Tags: misc web captcha
Rating:
# [UTCTF 2022] ReReCaptcha
Author: [JJ](https://j-james.me/)
## Problem Description
### ReReCaptcha
- Solves: 25
- Score: 1000 -> 988
- Tags: web
Author: ggu ([UT ISSS](https://www.isss.io/))
Just solve 1000 captchas. It's super easy.
## Beginning Steps
[Ron Howard (voiceover): It wasn't.]
Testing out our manual captcha-solving skills on the website, the first thing we all noticed was that although the captchas changed, they all were composed of text layered onto a consistent background. If we could somehow extract this background, we could extract much more readable text from the recaptchas.
![A difficult-to-read captcha.](https://ubcctf.github.io/assets/images/utctf2022/rerecaptcha/captcha.png)

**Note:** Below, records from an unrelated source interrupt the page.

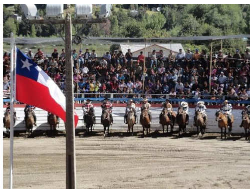
Rodeo oficial de Futaleufú

El Club de Rodeo de Futaleufú fue creado en el año 1960 por el interés de los antiguos pobladores de la comuna, para preservar las tradiciones chilenas. El rodeo oficial se lleva a cabo una vez al año con la finalización de la semana de Futaleufú, además durante el año se efectúan diferentes actividades como doma de caballos y novillos (SERNATUR, 2012).
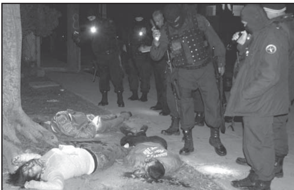
TIJUANA (MÉXICO). La reforma intenta dar más herramientas al sistema judicial ante la creciente violencia del crimen organizado. En la foto, oficiales de la policía inspeccionan los cadáveres de tres de las cuatro personas acribilladas, entre ellas una mujer, que fueron encontrados en dos lugares distintos en la ciudad mexicana de Tijuana.

La reforma lleva varios meses de debate legislativo, pues en diciembre pasado había sido votada por senadores y debió pasar a
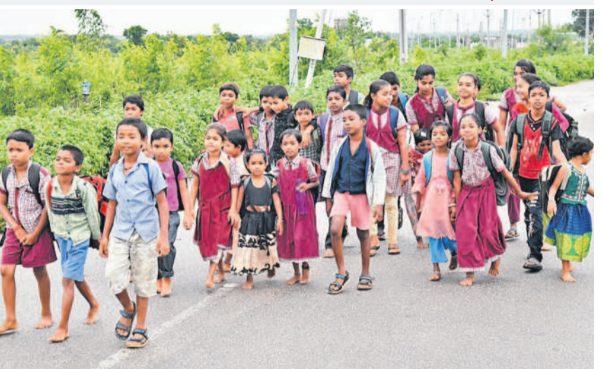
సిద్దిపేట అర్బన్ మండలం మందపల్లిలోని పాఠశాలకు నడుచుకుంటూ వెళ్తున్న పిట్టలవాడ విద్యార్థులు

ఆ గ్రామంలోని పిల్లలు బడికి వెళ్లి చదువుకోవాలంటే 4 కిలోమీటర్ల దూరమిస్తుంది. గ్రామంలో పాఠశాల లేక వేరే పాఠశాలకు వెళ్లాలంటే రవాణా సౌకర్యం లేక అనేక ఇబ్బందులు పడుతున్నాయి. సమీప గ్రామంలోని పాఠశాలకు వెళ్లాలంటే ఎండకు, వానకు సంబంధం లేకుండా రోజూ (రానుపోనూ కలిపి మొత్తం 8 కి.మీటర్లు) నడిస్తే వ్యర్థ వేసరిస్తుంది.
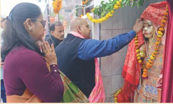
शारदा नगर में हनुमान जी का तिलक
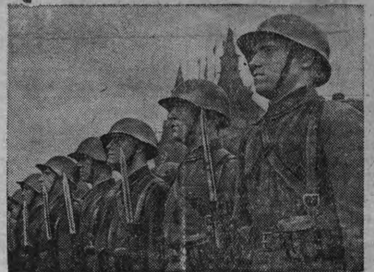
Московской Пролетарской стрелковой дивизилэн боец'ёсыз парад азын.

1-тй мае 1938 аре Мэсквалэн Красной площадью Рабоче—Крестьянской Красной Армиелэн но Военно—Морской Флотлэн частьёслэн парадзы орчиз.
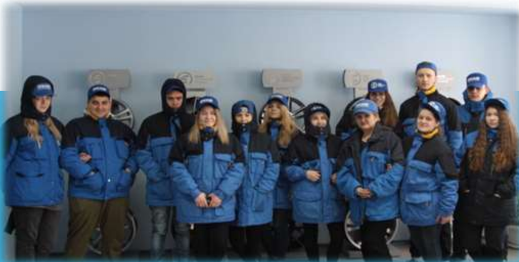
ООО «ЛМЗ «СКАД»
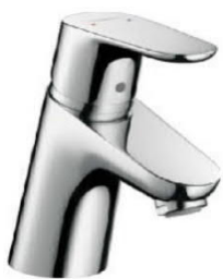
Wastafelkraan: Grohe Focus E2
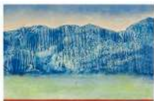
15. Max Ernst (1891-1976) "Montagne bleue - Wüstenlandschaft" 1950 Gouache auf festem Velin 16,3 x 23,9 cm wird in den Supplementband des Wvz. aufgenommen, Arbeitsnummer 256 A Seite 3/6
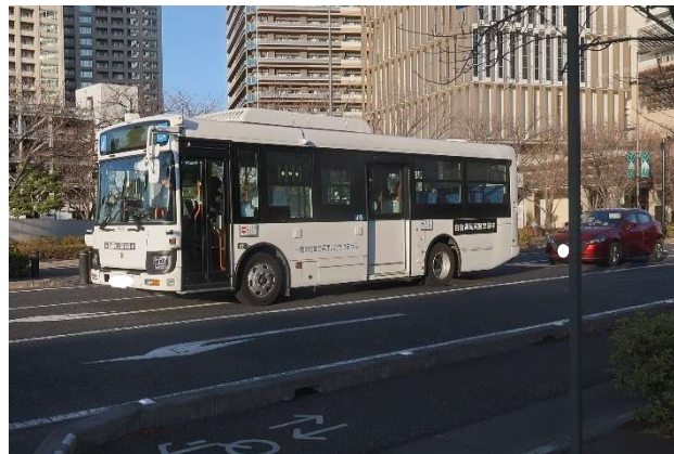
図 2-2 柏の葉地区における取組状況の写真

本ガイドラインでは、柏の葉地区でのレベル 4 実装に向けたロードマップを参考とし、「レベル 2 実証運行」ステップの開始から「レベル 4 本格運行」が開始可能になるまでの期間を 4 年程度と想定しています。
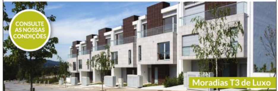
Moradías T3 de Luxo

Moradías T3 de luxo, localizadas na Urbanização designada por “Pinhaís de Seda” em Cavalões - Famalicão, de único acesso, fácil estacionamento, rodeada de amplos espaços verdes, com espaços de lazer, local soalheiro e muito sossegado. Proximidades a 5 minutos do centro da cidade de Famalicão, 10 minutos da Praia - P. Varzim, e a 15 minutos do Porto.
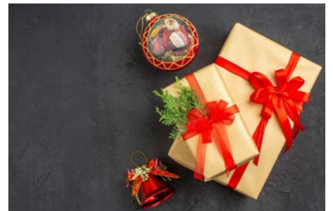
Distribution des jouets de Noël Décembre 2021 En SLV
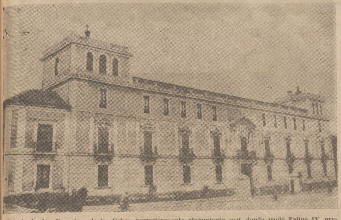
Palacio de don Francisco de los Cobos, posteriormente alojamiento real, donde nació Felipe IV, precisamente un Viernes Santo, con volteo general de campanas, aunque parezca extraño. Hoy es Capitanía General.
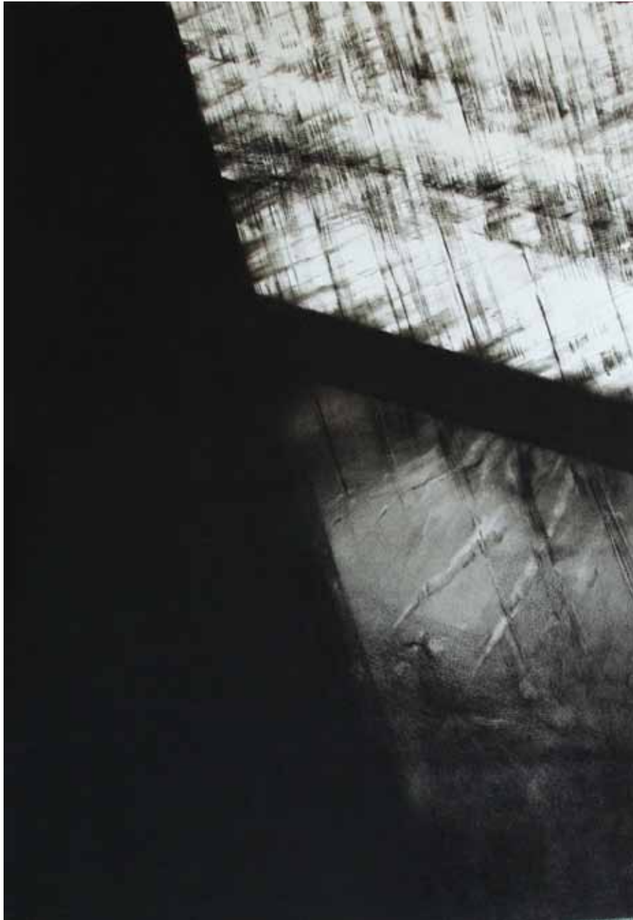
"Organisme", pastel sec noir sur papier, 100 x 70 cm, 2010
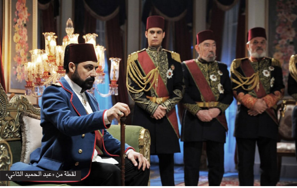
لقطة من «عبد الحميد الثاني»
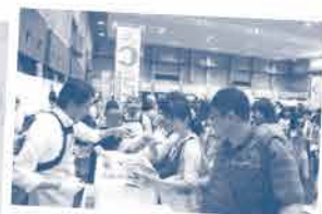
昨年の コープフェスタ 2016の様子

お子さんが楽しめるコーナーもたくさん用意しています。ぜひご家族でお越しください。
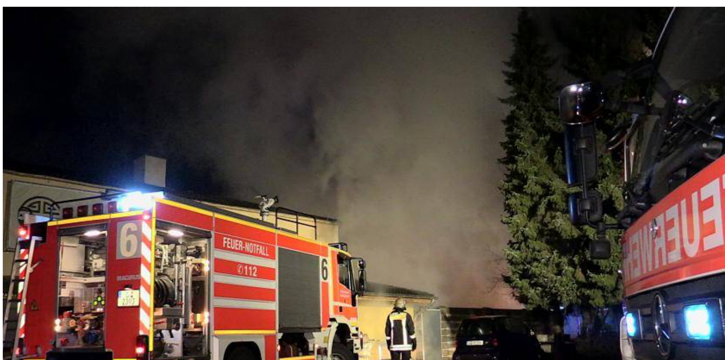
Feuer in Düsseldorfer Saunaclub
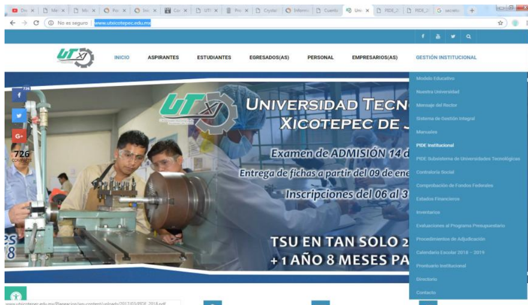
Ilustración 1. Programa Institucional de Desarrollo (PIDE) 2014-2018, menú “Gestión Institucional”.

Por lo que se recomienda establecer en el diagnóstico, la vinculación entre el propósito y los objetivos de la Matriz de Indicadores para Resultados (MIR) y el Programa Institucional de Desarrollo 2014-2018 de la Universidad Tecnológica de Xicotepec de Juárez.
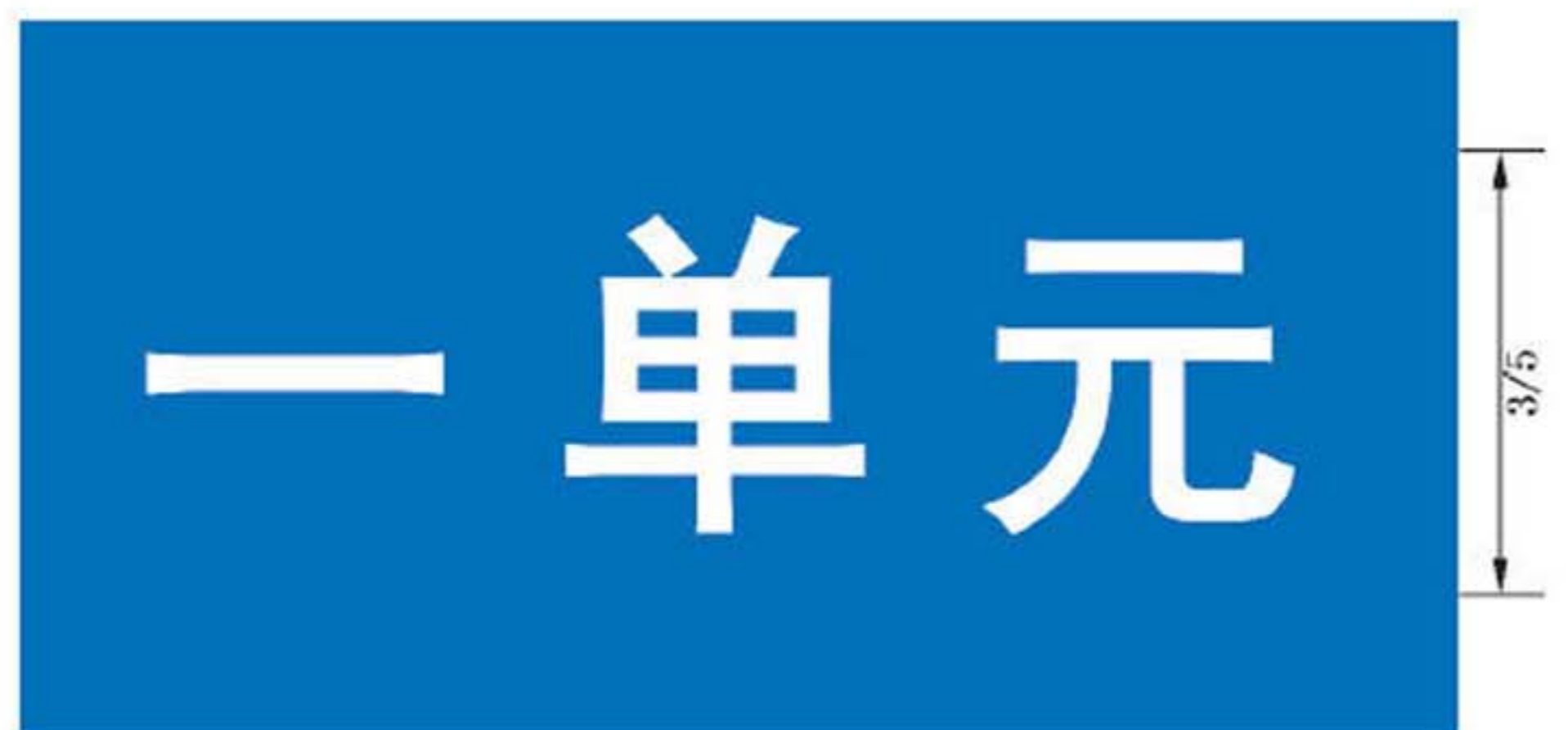
图 B.18 楼单元地名标志版面示例

So, I grabbed a bunch of captchas from the website, erased the text parts, and layered them on top of each other in GIMP. This gave us an almost complete background image. Unfortunately, since every captcha word starts at the exact same alignment, there were a few missing pixels in the upper left. I filled these in manually with a best-guess of what color would be there.
![graphic design is my passion](https://ubcctf.github.io/assets/images/utctf2022/rerecaptcha/background.png)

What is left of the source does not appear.